Ask Professor Powell… your AI questions

12 min readAug 11, 2020

I will be using this blog to summarize common questions about AI along with my answers. Feel free to pose your own questions here. Questions of general interest may be replicated here (possibly edited) along with my answer (also possibly edited).

Added Sept 4, 2020:

Q: Value function approximations — Hi, I have a question on value function approximation. I defined and code my problem. I start each episode with a random policy and adjust the weights of state features in the context of gradient monte carlo algorithm and TD(0). For about the first 100 episodes the delta was decreasing, however, it started to increase afterwards. It might be a sign that the predictors are not doing right. What can I do? Shouldn’t the delta be expected to converge instead of diverge across episodes?

These algorithms are heavily dependent on the characteristics of your problem and the specifics of your algorithm. From your reference to “weights of state features” I assume you are using a linear model for the value function V(s) (or for the Q-factors Q(s,a)) (??). There is a lot that can go wrong here. It is very easy for a linear model to be a poor approximation. I am not exactly sure what you mean by delta (is this the increment in TD(0)), I am guessing is that you were getting improvements for your first 100 iterations after which the deviations between the observed qhats and the estimates qbar of a state-action pair started to increase, indicating that your algorithm is diverging. This has happened to me, and when it does, it can easily mean that your approximating function is just not very good.

Now, I have seen this behavior even when using a lookup table for a problem with discrete states and actions. So, a lookup table does not introduce the types of structural errors that a linear VFA might, but you still have errors in the estimates of the value of a s-a pair (just as you get have errors in the estimates of the values of your weights in your linear model).

So, now I have to better understand your training policy. You said that you started each “episode” with a random policy. I am not quite sure what you are meaning by an episode. Is your problem stationary/infinite horizon, or finite horizon? Are you training purely with a random policy? or are you using your VFAs as the basis of your policy? There are problems with both of these (!!!). If you are training based on a random policy, this can be very suboptimal, which means you are effectively learning the value of a bad policy. But if you are using the VFAs as the basis of your policy, this can also be bad! (Having fun yet?).

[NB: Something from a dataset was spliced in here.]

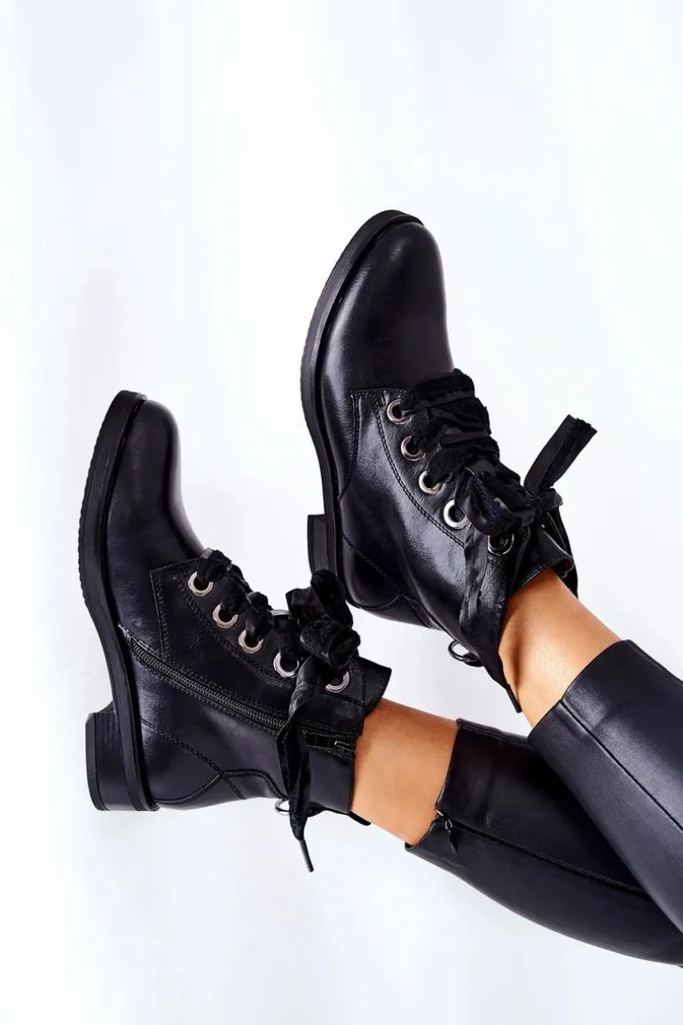 Botki wykonane ze skóry ekologicznej. Posiadają suwak oraz przyozdobione wiązanie, co ułatwi zakładanie. Ocieplane przyjemnym w dotyku kocem obuwniczym. Dzięki płaskiemu obcasowi, komfort noszenia jest jeszcze większy. Koniecznie sprawdź naszą całą kolekcje! Przy wyborze rozmiaru prosimy sugerować się tabelą rozmiarów.

VFA-based policies can work extremely well, but I have only had good success when I can exploit problem structure. If you go to my online book on sequential decision analytics , search on the chapter on blood management. I show how to estimate VFAs that are concave in the number of units of blood. Concavity is a powerful property, and it dramatically accelerates the learning.

For another example, look at a recent paper of mine using VFAs to optimize fleets of electric vehicles. We used a lookup table, but initially this worked terribly — we experienced exactly the behavior you were describing where results initially were better, and then got worse. We fixed it when we exploited structure within the VFA, and then the results were great (but only then). Now, note that I do not think a linear approximation of the VFA would have ever worked.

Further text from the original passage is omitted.